* WHAT YOU SHOULD DO:
Could you transcribe all of the data exactly and skip any pictures?

* THE DATA:
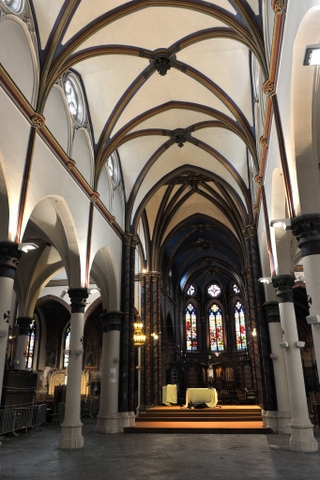 Dotée de vitraux à la fin du siècle, puis de peintures murales, aujourd’hui en partie dissimulées sous un enduit clair, l’église abrite plusieurs œuvres d’art, en particulier une intéressante « Descente de croix » de Pharaon de Winter[1]. Elle eut à souffrir dans la seconde moitié du XXe s. d’un défaut d’entretien généralisé, en particulier dans ses couvertures, ce qui amena l’effondrement de certaines sections de voûtes et la fermeture de l’édifice.
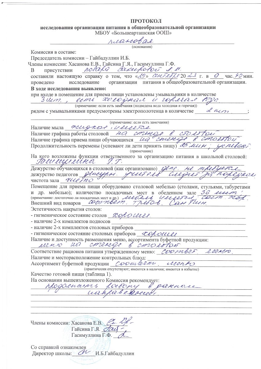 Приказ о создании бракеражной комиссии
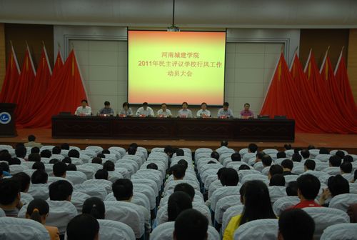 (通讯员 马照民)5月11日下午,我校在学术报告厅召开2011年民主评议学校行风工作动员大会,院党委书记李德平出席会议并作重要讲话,院长孔留安出席会议并作动员讲话,出席会议的校领导还有史战芳、王召东、李建生、陈丙义、张坤书、王春阳、赵金安等。会议由副院长陈丙义主持。全校副科级以上干部及全体辅导员参加会议。

* RESPONSE TO THIS EXERCISE:
 Dotée de vitraux à la fin du siècle, puis de peintures murales, aujourd’hui en partie dissimulées sous un enduit clair, l’église abrite plusieurs œuvres d’art, en particulier une intéressante « Descente de croix » de Pharaon de Winter[1]. Elle eut à souffrir dans la seconde moitié du XXe s. d’un défaut d’entretien généralisé, en particulier dans ses couvertures, ce qui amena l’effondrement de certaines sections de voûtes et la fermeture de l’édifice.
 Приказ о создании бракеражной комиссии
 (通讯员 马照民)5月11日下午,我校在学术报告厅召开2011年民主评议学校行风工作动员大会,院党委书记李德平出席会议并作重要讲话,院长孔留安出席会议并作动员讲话,出席会议的校领导还有史战芳、王召东、李建生、陈丙义、张坤书、王春阳、赵金安等。会议由副院长陈丙义主持。全校副科级以上干部及全体辅导员参加会议。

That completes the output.